Mathew MacNider (c.1732–1804) was a Scottish-born businessman, seigneur and political figure at Quebec. He was a Justice of the Peace and represented Hampshire County in the 1st Parliament of Lower Canada. He was the uncle of John MacNider, the pioneering 2nd Seigneur of Grand-Métis and Métis-sur-Mer.

==Biography==

Born at Paisley in Scotland, he was a younger son of William MacNider (b.1660), of Balsarock (or Balsarach), Ayrshire. The MacNiders had held several small estates in Ayrshire since the early seventeenth century, but spurred by the conflicts between Britain and France during the eighteenth century, Mathew and his brother William (father of John MacNider and Mrs James Johnston) moved into the import-export business. The Protestant, seafaring MacNiders quickly became well established in Scottish shipping and trading circles.

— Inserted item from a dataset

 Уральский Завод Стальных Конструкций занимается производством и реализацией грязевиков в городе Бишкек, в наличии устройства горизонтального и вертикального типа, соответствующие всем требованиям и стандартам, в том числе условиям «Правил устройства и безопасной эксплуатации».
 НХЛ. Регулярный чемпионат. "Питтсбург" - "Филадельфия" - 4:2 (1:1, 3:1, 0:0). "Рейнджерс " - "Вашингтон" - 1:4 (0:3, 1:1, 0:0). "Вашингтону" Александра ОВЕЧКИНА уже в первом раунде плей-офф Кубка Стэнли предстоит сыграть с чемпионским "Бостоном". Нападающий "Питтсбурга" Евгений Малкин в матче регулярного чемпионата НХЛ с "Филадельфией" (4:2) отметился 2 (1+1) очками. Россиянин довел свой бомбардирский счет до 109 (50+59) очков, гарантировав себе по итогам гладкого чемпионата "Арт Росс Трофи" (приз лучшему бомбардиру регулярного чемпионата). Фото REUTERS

Taking advantage of the British Conquest of New France, MacNider came to the new colony around 1760, extending the reach of his business to Quebec City. The MacNiders quickly became one of the leading mercantile families there, selling Canadian timber and supplies to the Royal Navy and trading in wine and spices from Europe and the British West Indies to Quebec, London and Scotland.

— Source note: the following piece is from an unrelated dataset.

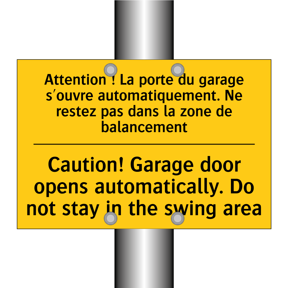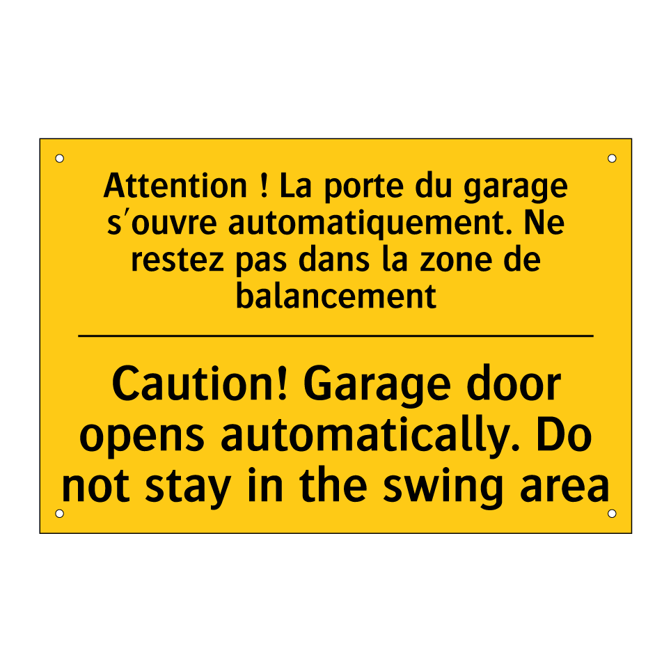 Panneau d'avertissement bilingue avec texte en français : "Attention ! La porte du garage s'ouvre automatiquement. Ne restez pas dans la zone de balancement", et en anglais : "Caution! Garage door opens automatically. Do not stay in the swing area"

At Quebec City, MacNider was made a Justice of the Peace. In 1788, he purchased the seigneuries of Grondines and Bélair. He was elected to represent Hampshire County in the 1st Parliament of Lower Canada from 1792 to 1796. He was supported in his election bid of 1792 by his nephews (the brothers), John and Mathew MacNider (1762–1820), of Glendrishock, Ayrshire. They helped to garner support for him in the Upper Town of Quebec. In 1801, MacNider purchased the Barony of Portneuf County, Quebec and the Seigneury of Sainte-Croix on a fifty-year lease from the Ursulines of Quebec. He built several stone mills and a manor house by the Portneuf River. He was married firstly in Scotland and then to a Genevieve Dauphin before 1768 at Quebec.